Try if you can to wrap your head around this: 157 of your legislators were presented with a public records law whose most basic problem is the glacial pace of responses from agencies and municipalities within its current parameters, paired with a disturbing lack of consequences for noncompliance, and they voted to give said agencies and municipalities the option to petition the Supervisor of Public Records for even more time.

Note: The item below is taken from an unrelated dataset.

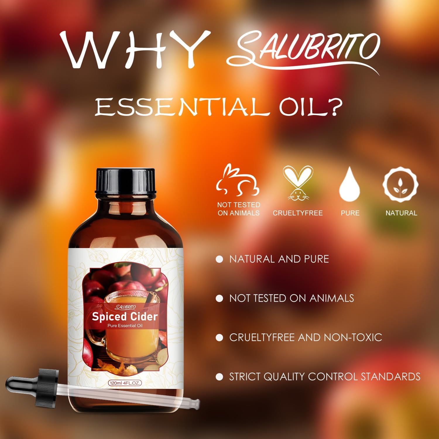 SALUBRITO Spiced Cider Essential Oil, 120ml, Pure & Natural Aromatherapy Oils, Fragrance Oil for Diffuser, Great for Skin, Headache, Relaxation, Sleep, Candle & Soap Making, Strong Scented

“We found that, on average, agencies take about 81 days to respond to requests, so the law that’s on the books was not being upheld, and agencies just didn’t care,” Morisy says. “Now, if you or I as frequently violated the law as these agencies did, if we didn’t pay our parking tickets for 81 days until after they were due, we’d get in trouble.”

So what happened here? At least two parties have their fingerprints all over this thing: the Massachusetts Municipal Association and the State Police. The former claimed in July that a retooled public records law demanding of towns something more resembling competence would foist “costly new unfunded mandates and burdens on cash-strapped cities and towns.” Two members of Massachusetts State Police—the same agency that slapped the Globe with a $42,750 fee when the paper requested a log of public records requests it received—reportedly held court with Speaker Robert DeLeo to express their concerns.

“As a former local official and someone who pays a lot of attention to municipal government, I don’t view anything in this bill as an unfunded mandate,” House Ways and Means Committee Vice Chairman Stephen Kulik told the State House News Service after the dust had settled. “Any public agency, including cities and towns, have responsibilities inherent to provide public access to the documents of what they do.”

“I think lawmakers were very receptive to the arguments that these towns are poorly equipped to handle public records requests, and I guess they just have such low expectations of those towns that they said, ‘Okay, failure is alright,'” Morisy said. “But I think what the Legislature forgets is, by and large, a strong public records law actually helps decrease costs. It helps root out corruption. It saves lives. I don’t understand how, with Spotlight coming out and shining a light on how poor public access laws held up investigations into abuse of children for years, how that reminder can come out this year and they decide that that kind of access doesn’t matter, that towns finding something a little bit burdensome or worrying about potential, theoretical expenses that 49 other states seem to be able to bear okay, how that’s worth more than children’s lives, children’s safety—I find that deplorable.”

Now, it’s not all bad. The version the House approved requires agencies and municipalities to designate a public records officer specifically tasked with processing these requests. And as Massachusetts Newspaper Publishers Association executive director Bob Ambrogi told SHNS, the discretionary attorney’s fees will embolden small newspapers should their pursuit of records point to the courts. A robust local press is invaluable.

(Rep. Kocot could not be immediately reached for comment.)

We’ll have to wait until next year for the Senate to take up this bill, but by the looks of it, our 1971 Ford Pinto of a public records law will remain one of our great shames as a commonwealth, planting us firmly in the back of the pack.

There’s something very wrong here when Massachusetts should aspire to be more like Florida, and weather has nothing to do with it.